Task prompt:
Could you retype the lines below, starting at the line holding "該款腕表表殼采用精鋼材質(z" and stopping at the line holding "滴滴出行科技有限公司石家庄分", inclusive? Copy them exactly and drop the images.

Records for this task:
++++++++++++++++++++

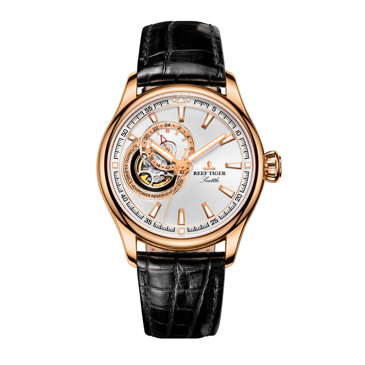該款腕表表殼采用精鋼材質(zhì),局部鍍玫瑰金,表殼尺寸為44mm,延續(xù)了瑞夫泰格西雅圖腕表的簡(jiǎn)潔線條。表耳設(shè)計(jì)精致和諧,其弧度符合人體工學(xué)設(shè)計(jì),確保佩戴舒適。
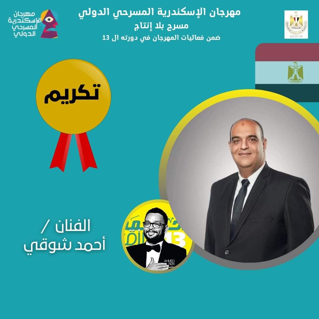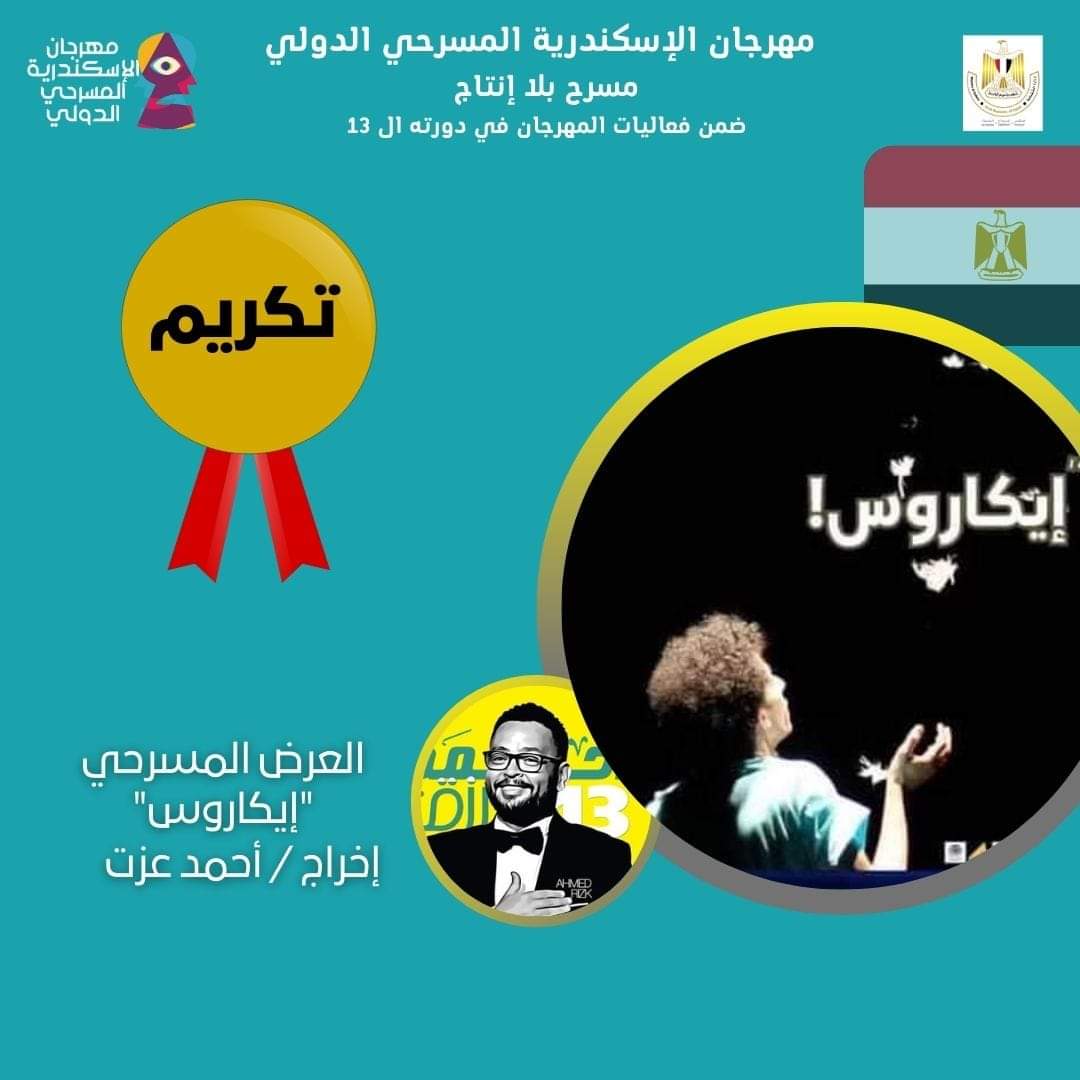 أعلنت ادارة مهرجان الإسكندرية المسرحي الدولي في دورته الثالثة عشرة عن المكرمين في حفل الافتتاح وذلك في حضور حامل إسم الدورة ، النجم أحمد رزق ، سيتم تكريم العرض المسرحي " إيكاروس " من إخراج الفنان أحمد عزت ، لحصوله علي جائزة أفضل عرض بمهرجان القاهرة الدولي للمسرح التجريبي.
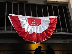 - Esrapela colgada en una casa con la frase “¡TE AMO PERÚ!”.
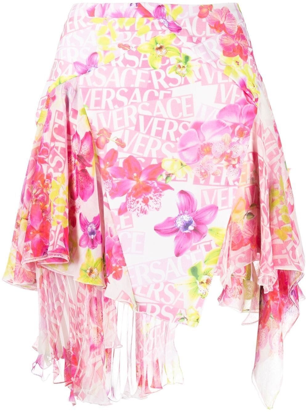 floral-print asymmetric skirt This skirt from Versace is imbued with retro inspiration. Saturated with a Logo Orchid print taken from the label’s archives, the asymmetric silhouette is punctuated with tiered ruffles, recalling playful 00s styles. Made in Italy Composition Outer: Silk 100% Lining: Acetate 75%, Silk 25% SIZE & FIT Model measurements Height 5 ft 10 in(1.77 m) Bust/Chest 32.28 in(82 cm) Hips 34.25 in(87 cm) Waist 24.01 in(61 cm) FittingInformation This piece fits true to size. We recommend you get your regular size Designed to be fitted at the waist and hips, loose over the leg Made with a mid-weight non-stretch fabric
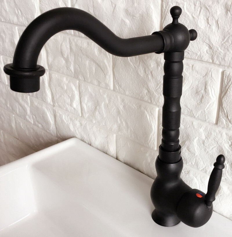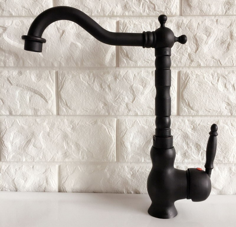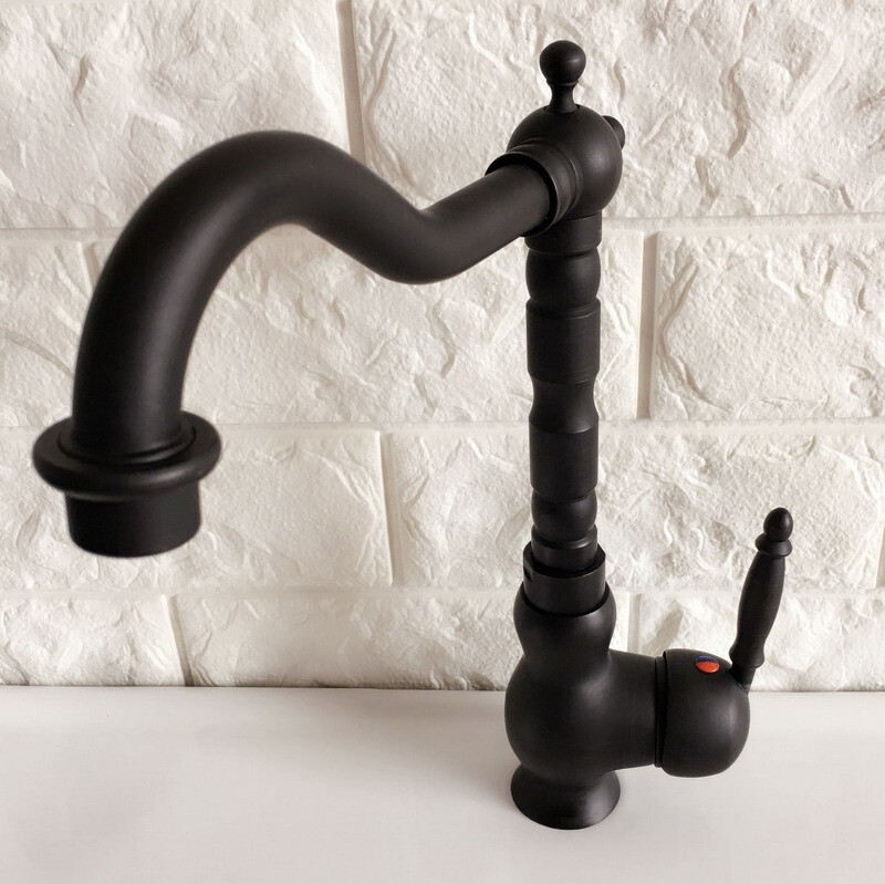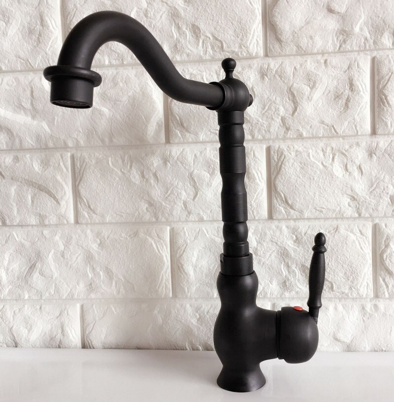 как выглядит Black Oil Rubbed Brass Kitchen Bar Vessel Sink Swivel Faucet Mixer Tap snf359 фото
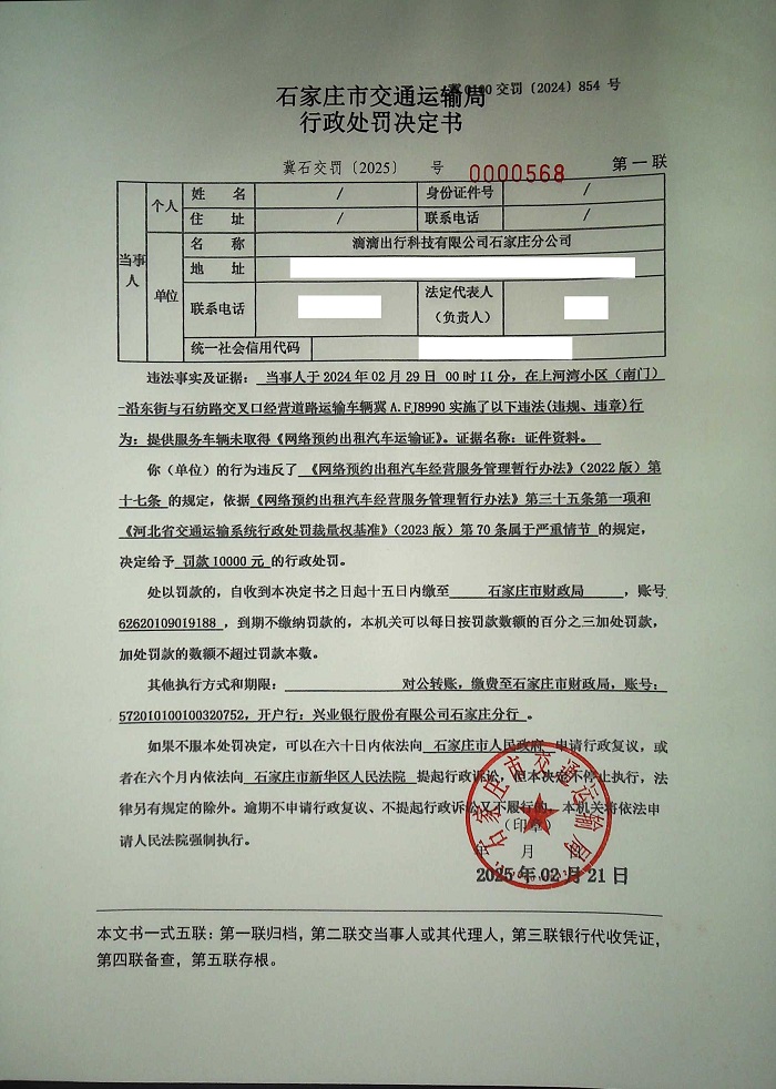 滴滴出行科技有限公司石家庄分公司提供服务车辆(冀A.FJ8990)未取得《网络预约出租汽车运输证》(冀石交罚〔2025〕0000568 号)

++++++++++++++++++++

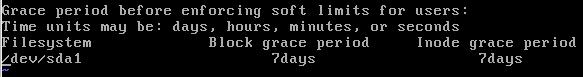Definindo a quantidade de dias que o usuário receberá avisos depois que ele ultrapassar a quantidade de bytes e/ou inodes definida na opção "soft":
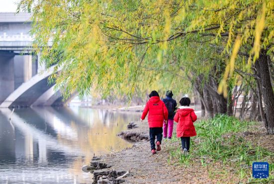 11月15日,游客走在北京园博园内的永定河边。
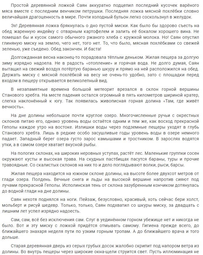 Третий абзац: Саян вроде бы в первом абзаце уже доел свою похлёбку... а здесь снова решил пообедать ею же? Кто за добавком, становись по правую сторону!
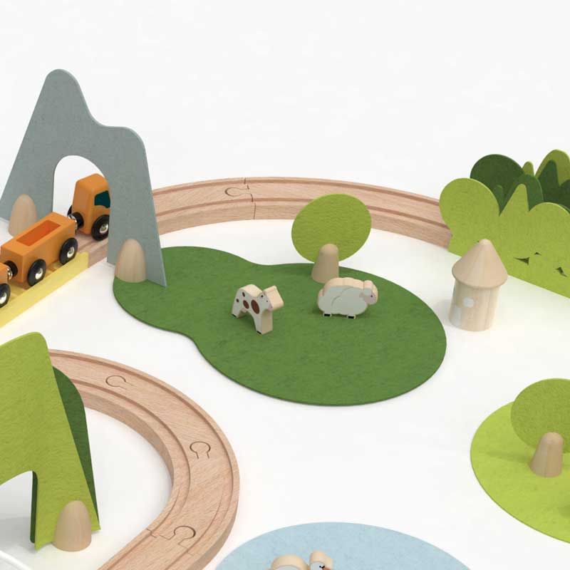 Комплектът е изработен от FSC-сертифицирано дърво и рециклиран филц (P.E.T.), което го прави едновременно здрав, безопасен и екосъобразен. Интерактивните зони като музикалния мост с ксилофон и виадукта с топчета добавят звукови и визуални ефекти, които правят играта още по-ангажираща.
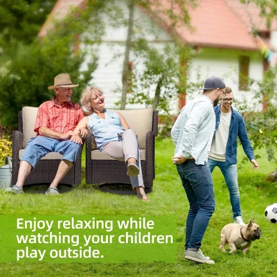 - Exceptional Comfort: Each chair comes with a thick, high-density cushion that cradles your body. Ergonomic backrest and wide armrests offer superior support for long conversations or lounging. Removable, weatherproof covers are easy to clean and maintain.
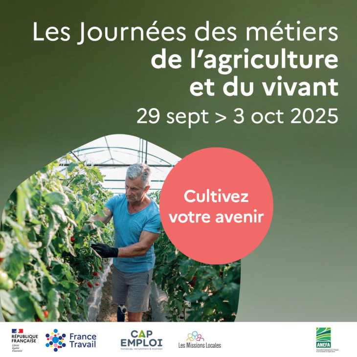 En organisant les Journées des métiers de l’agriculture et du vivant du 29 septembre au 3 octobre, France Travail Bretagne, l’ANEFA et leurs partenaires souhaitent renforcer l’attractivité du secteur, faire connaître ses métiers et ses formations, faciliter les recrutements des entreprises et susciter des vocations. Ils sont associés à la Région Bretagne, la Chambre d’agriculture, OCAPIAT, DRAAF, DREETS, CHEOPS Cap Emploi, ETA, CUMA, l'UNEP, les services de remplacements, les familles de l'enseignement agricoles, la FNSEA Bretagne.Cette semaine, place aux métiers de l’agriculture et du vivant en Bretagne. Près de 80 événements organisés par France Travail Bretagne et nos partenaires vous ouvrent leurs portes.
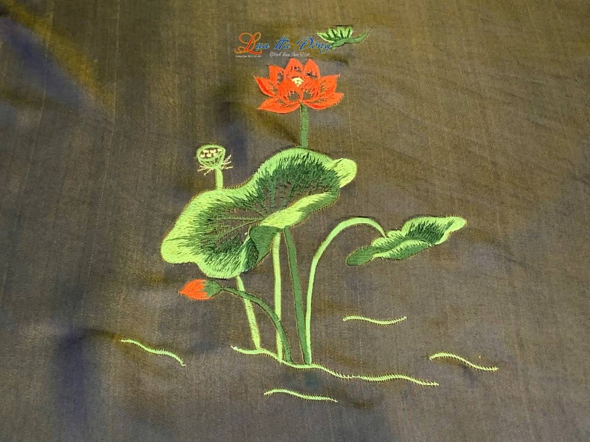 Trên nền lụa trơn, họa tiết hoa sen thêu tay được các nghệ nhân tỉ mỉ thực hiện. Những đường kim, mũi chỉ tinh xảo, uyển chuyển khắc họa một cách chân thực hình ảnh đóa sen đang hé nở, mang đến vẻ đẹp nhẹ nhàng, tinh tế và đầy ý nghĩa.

++++++++++++++++++++

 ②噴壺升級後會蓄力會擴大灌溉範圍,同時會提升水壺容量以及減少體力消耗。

++++++++++++++++++++

Your solution:
該款腕表表殼采用精鋼材質(zhì),局部鍍玫瑰金,表殼尺寸為44mm,延續(xù)了瑞夫泰格西雅圖腕表的簡(jiǎn)潔線條。表耳設(shè)計(jì)精致和諧,其弧度符合人體工學(xué)設(shè)計(jì),確保佩戴舒適。
 أعلنت ادارة مهرجان الإسكندرية المسرحي الدولي في دورته الثالثة عشرة عن المكرمين في حفل الافتتاح وذلك في حضور حامل إسم الدورة ، النجم أحمد رزق ، سيتم تكريم العرض المسرحي " إيكاروس " من إخراج الفنان أحمد عزت ، لحصوله علي جائزة أفضل عرض بمهرجان القاهرة الدولي للمسرح التجريبي.
 - Esrapela colgada en una casa con la frase “¡TE AMO PERÚ!”.
 floral-print asymmetric skirt This skirt from Versace is imbued with retro inspiration. Saturated with a Logo Orchid print taken from the label’s archives, the asymmetric silhouette is punctuated with tiered ruffles, recalling playful 00s styles. Made in Italy Composition Outer: Silk 100% Lining: Acetate 75%, Silk 25% SIZE & FIT Model measurements Height 5 ft 10 in(1.77 m) Bust/Chest 32.28 in(82 cm) Hips 34.25 in(87 cm) Waist 24.01 in(61 cm) FittingInformation This piece fits true to size. We recommend you get your regular size Designed to be fitted at the waist and hips, loose over the leg Made with a mid-weight non-stretch fabric
 как выглядит Black Oil Rubbed Brass Kitchen Bar Vessel Sink Swivel Faucet Mixer Tap snf359 фото
 滴滴出行科技有限公司石家庄分公司提供服务车辆(冀A.FJ8990)未取得《网络预约出租汽车运输证》(冀石交罚〔2025〕0000568 号)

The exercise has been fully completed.